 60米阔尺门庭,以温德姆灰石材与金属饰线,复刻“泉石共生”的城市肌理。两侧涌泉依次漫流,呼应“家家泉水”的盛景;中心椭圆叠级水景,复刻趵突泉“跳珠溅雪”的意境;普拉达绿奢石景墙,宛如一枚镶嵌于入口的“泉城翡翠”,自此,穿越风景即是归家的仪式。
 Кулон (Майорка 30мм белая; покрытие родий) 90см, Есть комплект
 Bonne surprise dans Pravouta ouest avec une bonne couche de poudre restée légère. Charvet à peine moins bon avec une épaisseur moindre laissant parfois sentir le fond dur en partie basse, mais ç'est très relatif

════════

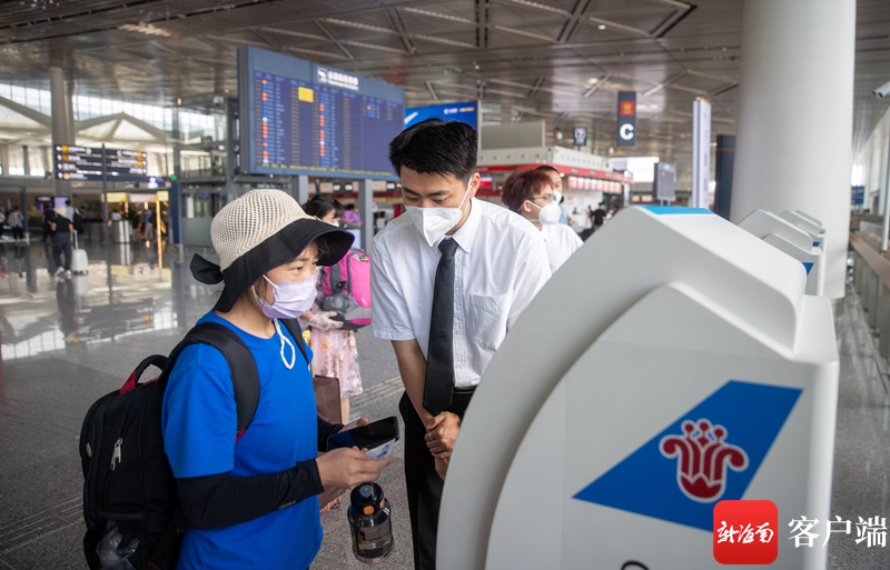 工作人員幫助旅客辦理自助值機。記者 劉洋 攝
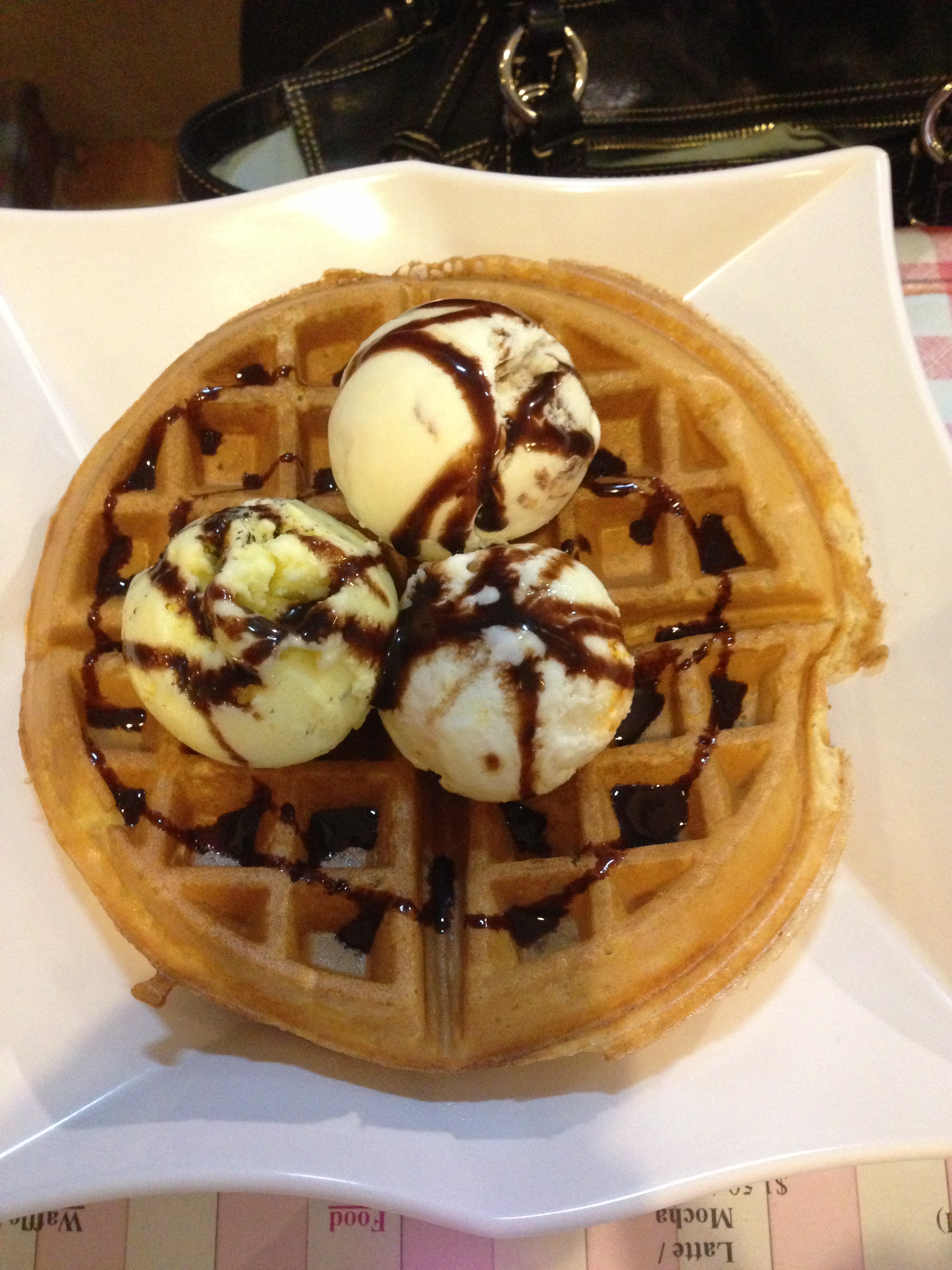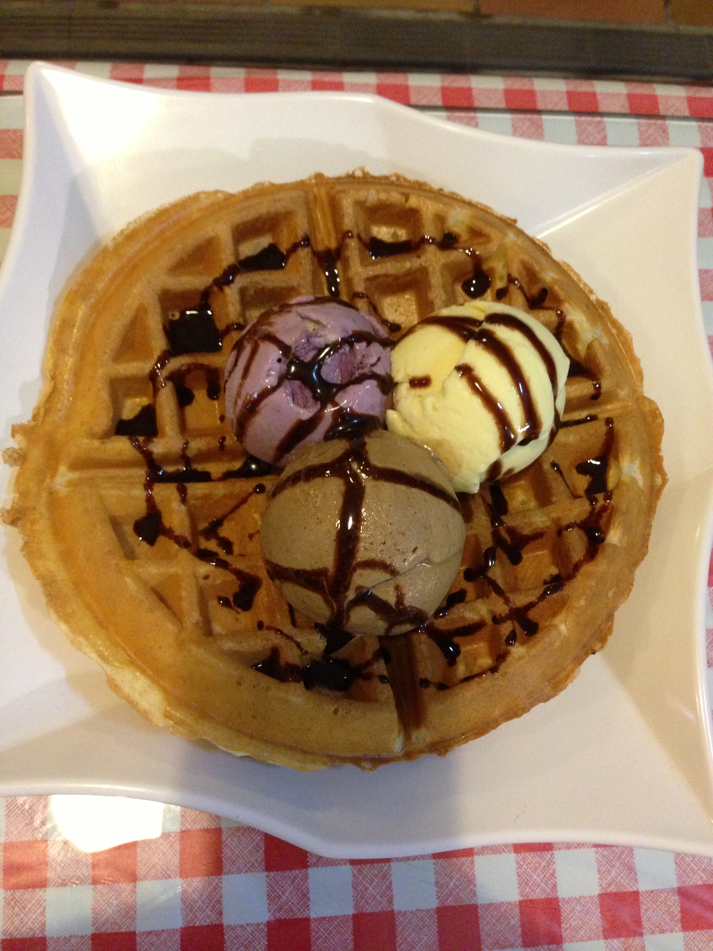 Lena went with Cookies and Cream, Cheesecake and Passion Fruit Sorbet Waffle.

════════

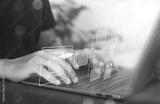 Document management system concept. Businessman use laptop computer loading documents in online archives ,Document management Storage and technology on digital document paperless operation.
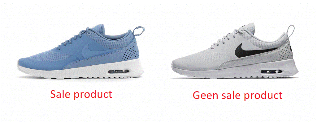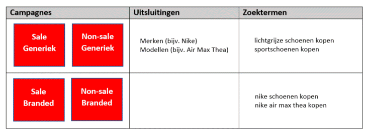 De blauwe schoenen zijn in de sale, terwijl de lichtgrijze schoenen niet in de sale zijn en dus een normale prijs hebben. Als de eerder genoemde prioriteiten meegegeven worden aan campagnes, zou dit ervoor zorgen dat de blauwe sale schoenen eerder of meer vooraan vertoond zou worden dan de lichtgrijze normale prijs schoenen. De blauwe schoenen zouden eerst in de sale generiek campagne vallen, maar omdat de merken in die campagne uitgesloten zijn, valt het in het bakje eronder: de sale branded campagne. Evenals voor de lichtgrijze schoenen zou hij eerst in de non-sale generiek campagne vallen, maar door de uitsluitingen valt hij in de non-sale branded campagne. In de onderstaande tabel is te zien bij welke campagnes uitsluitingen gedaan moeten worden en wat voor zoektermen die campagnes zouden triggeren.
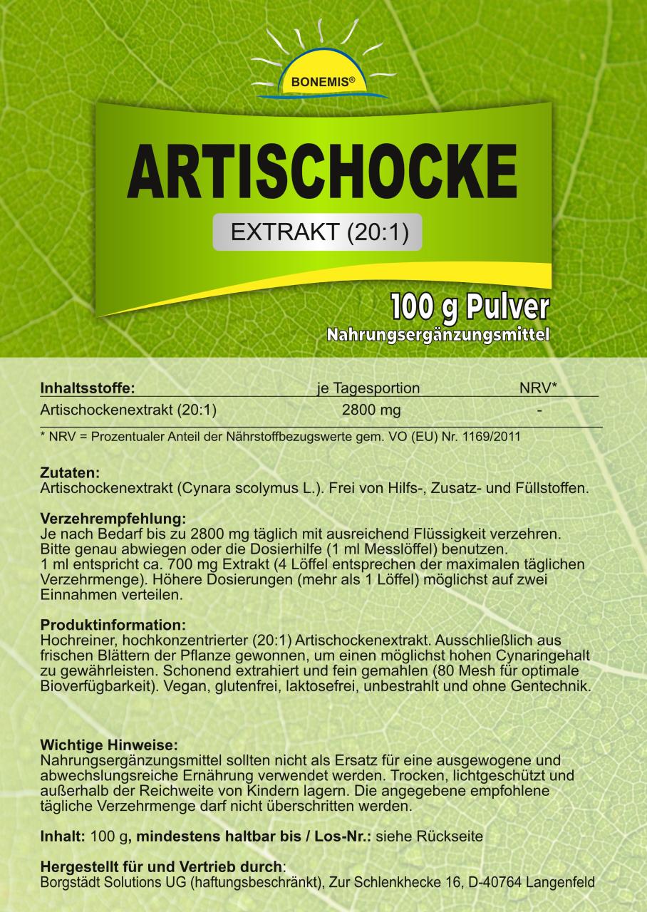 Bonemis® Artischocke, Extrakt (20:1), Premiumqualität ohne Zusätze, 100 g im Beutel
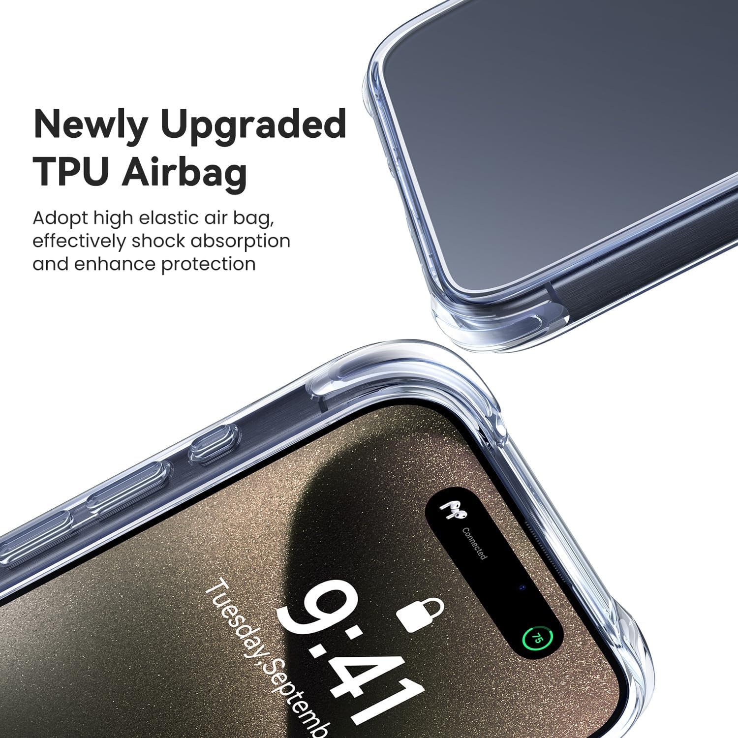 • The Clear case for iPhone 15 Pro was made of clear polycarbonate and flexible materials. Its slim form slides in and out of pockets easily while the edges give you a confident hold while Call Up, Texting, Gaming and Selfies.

════════

> Required action:
Copy only this part of the entries above: the line with "Кулон (Майорка 30мм", the line with "Bonne surprise dans", and the lines between, all exactly as written.

> Exercise response:
 Кулон (Майорка 30мм белая; покрытие родий) 90см, Есть комплект
 Bonne surprise dans Pravouta ouest avec une bonne couche de poudre restée légère. Charvet à peine moins bon avec une épaisseur moindre laissant parfois sentir le fond dur en partie basse, mais ç'est très relatif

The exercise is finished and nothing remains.